Sometimes, close enough…is just NOT CLOSE ENOUGH. When it comes to developers building location-aware apps, more often than not, they decide to use formulas that compromise accuracy for quicker results.
Now while quicker results are just fine for most simple applications, there are times when you need the highest degree of geo-spatial accuracy in order to provide pinpoint results for the user. The funny part is, mobile developers in general are missing this critical formulaic implementation, as it pertains to enterprise level economic calculations. WTH am I talking about, you ask? Well, let me explain.
Let’s say you have a client in the OTR Trucking business, who needs to calculate fuel prices based on location, distances between refueling stations, load destinations, weigh stations, toll-roads, detours, etc…all on the fly and in as precise a measure as possible? What if I told you that many transport companies have learned the art of, “rolling into weigh stations on fumes”, in order to save significant money and delivery delays based on weight? This practice is quite common in fact, and a credit to the OTR folks knowing how, when, and where to save at a maximum level. Since savings equal more profit, you can’t help but be impressed with how trucking companies and truckers in general, have cleverly overcome the significant obstacles in the way of them bringing us our daily goods.
So what do these things have to do with “precise” GeoLocational strategies? And does it really matter that much? Answer: YES!
If we go back to our previous questions, let’s suppose a trucking company in Nebraska has a major load to be taken to Washington D.C.. With every twist and turn aside, assuming we could drive straight to D.C. as the crow flys, and for the sake of argument, supposing our headquarters is calculating costs using the three GeoLocational formulas known: Haversine, Spherical Law of Cosines, and Vincenty Formula, what are the results? Let’s take a mathematical peek.
Using the most popular GeoLocational formulas in the mobile development space, Haversine and the Spherical Law of Cosines (vs. Vincenty), we would end up missing our D.C. destination by as much as 53km (or 33 miles). If we had calculated location via Vincenty, we would have nailed the heart of our delivery location in Washington down to 5mm!! So regardless of how bad your math is, 33 miles off versus 5mm, is quite significant.

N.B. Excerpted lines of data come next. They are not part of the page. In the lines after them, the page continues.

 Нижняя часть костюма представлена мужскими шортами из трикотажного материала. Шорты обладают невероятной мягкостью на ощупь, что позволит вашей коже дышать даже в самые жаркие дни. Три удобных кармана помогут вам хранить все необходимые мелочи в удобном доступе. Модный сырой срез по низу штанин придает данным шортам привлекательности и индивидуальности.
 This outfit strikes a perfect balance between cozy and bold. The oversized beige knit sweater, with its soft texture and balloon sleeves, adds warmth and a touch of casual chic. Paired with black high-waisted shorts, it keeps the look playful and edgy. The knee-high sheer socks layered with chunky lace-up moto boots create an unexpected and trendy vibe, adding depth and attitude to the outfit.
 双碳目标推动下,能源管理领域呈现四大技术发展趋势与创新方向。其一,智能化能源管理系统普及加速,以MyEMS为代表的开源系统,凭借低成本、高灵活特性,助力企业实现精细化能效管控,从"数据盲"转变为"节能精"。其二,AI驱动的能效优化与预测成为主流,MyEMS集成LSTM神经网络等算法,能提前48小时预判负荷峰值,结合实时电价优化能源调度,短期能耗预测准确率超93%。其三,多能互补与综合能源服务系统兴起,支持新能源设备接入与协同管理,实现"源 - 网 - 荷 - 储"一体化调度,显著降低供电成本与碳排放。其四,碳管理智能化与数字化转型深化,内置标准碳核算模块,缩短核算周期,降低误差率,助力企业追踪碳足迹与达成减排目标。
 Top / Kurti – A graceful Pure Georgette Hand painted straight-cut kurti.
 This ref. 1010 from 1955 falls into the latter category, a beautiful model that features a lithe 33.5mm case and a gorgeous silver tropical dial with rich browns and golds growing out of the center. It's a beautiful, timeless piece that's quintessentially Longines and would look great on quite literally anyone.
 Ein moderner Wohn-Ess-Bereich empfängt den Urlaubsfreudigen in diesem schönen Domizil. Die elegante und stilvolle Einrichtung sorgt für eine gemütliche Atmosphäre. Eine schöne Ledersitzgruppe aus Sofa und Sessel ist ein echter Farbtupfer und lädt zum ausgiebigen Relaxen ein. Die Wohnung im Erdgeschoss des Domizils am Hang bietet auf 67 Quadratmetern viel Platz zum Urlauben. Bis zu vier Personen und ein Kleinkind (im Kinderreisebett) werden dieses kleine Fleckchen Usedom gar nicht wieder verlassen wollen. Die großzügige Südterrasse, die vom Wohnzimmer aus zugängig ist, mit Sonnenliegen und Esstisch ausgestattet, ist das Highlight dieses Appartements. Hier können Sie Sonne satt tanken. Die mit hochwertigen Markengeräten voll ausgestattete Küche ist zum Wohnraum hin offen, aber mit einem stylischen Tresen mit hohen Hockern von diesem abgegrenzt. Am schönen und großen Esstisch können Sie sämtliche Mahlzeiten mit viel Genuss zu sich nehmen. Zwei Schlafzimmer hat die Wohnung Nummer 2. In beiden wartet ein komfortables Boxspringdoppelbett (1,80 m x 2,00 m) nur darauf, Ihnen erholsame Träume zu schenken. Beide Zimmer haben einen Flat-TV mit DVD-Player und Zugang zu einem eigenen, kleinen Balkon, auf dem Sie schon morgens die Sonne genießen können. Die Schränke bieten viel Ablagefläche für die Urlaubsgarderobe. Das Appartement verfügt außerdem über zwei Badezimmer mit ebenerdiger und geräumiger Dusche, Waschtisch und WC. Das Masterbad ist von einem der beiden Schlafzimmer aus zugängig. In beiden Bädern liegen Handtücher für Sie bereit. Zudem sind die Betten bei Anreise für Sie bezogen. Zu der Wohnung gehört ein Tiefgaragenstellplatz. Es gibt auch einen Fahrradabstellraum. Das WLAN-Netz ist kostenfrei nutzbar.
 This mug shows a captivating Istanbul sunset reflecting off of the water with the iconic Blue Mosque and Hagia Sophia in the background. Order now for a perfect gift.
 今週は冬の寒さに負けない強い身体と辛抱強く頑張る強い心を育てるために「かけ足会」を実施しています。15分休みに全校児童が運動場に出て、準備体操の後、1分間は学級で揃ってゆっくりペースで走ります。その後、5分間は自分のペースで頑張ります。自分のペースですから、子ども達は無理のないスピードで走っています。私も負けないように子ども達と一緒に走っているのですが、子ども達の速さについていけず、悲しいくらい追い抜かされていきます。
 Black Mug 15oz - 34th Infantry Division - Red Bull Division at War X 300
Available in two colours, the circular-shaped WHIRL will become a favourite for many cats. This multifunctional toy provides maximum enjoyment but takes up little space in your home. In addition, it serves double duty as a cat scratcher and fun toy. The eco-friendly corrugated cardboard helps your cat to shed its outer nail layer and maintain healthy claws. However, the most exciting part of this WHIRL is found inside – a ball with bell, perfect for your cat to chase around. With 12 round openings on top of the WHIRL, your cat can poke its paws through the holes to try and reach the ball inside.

Moreover, this example was based on the idea that we would get to Washington D.C. “as the crow flys”, which we certainly cannot. Therefore, calculations using the most popular GeoLocational formulas (Haversine & Law of Cosines), would put us off even more!
At the end of the day, what does knowing this actually do for us anyway? Maybe more to the point would be, what would I do (as a developer) knowing this information? Well it’s quite simple to me, I would build two products that “spoke” to each other: a desktop app that pushes data to a mobile app.
The desktop app would process the distance equations, calculate stops, turns, weigh stations, toll roads, weather and traffic congestion, and fuel prices in real time. The desktop app would then “push” that live data out to the mobile app, and the mobile app could sync itself in real time with the data coming from the desktop portal. Working in concert, the desktop app could perform the heavy lifting by processing massive amounts of real time data calculations and running formulas, while the mobile app sat in wait for the “approved & certified” notifications to come its way. When it’s all said and done, the guesswork is eliminated for the driver, money and time are saved in multitude for the business (which equals greater profit), and operating efficiency is not only perfected, but sustained!
All because a smart developer paid attention to the importance of hyper GeoLocational accuracy! Now imagine that?